Such a broadcast head end can receive video content from a multiplicity of satellite transponders supplied by many different content providers. Some of the resulting single program streams can be SDTV, and some of them can be HDTV, streaming content to the QoStream network in accordance with subscriber content requirements. Likewise, PPV events are available as single program streams, usually first stored in a video server, and then multicast through the Ethernet network at the appropriate event viewing time, selectable by those consumers who have ordered the PPV event and who therefore can join that particular multicast group (authentication process). For VOD, streams are not multicast, but instead are unicast through the network from a video server to specific destination addresses corresponding to the subscriber who has ordered the VOD program. In this way, each subscriber can start the program at an arbitrary time, stop, restart, and end the program whenever the subscriber wishes. The VOD video server should be visualized as a large digital database, partitioned into program sectors, and with each subscriber having a pointer into a desired program sector. Such a video server can also be the basis of a network-level personal DVD player, with all the control functionality of a local DVD player in the home.

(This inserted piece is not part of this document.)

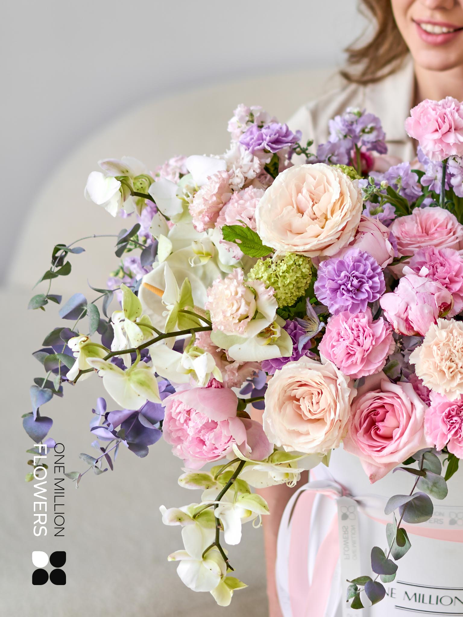 Если вы хотели бы заказать доставку цветов в коробке, но не знаете точного адреса получательницы, то просто укажите в комментарии к заказу ее контактный номер. Мы сами деликатно узнаем у нее удобное для нее место и время.

A Ethernet core switch networks to video content services functionality that provides direct broadcast video, PPV video through a video server, and on-demand programming through a VOD server. Single copies of the broadcast and PPV content is delivered to the core switch as Ethernet packets, and the multicast groups are formed in the core switch, AS5000, and PG1000 to deliver video content to the QoStream subscriber STBs via the GbE and 100 Base FX paths through the network. QoStream intelligent multicasting is performed closest to the subscriber in the core switch, AS5000, or PG1000, thereby avoiding multiple copies of programs and reducing traffic upstream in the network.

Subscribers are arguably most sensitive to impairments on video services, especially dropped packets and jitter, due to the impact they have on the video image. Accordingly, separate VLANs with Guaranteed Bandwidth or Bursty Bandwidth service guarantees are normally used for video services. In addition, separate VLANs are often used for subscribed events such as PPV and VOD for purposes of viewer authentication.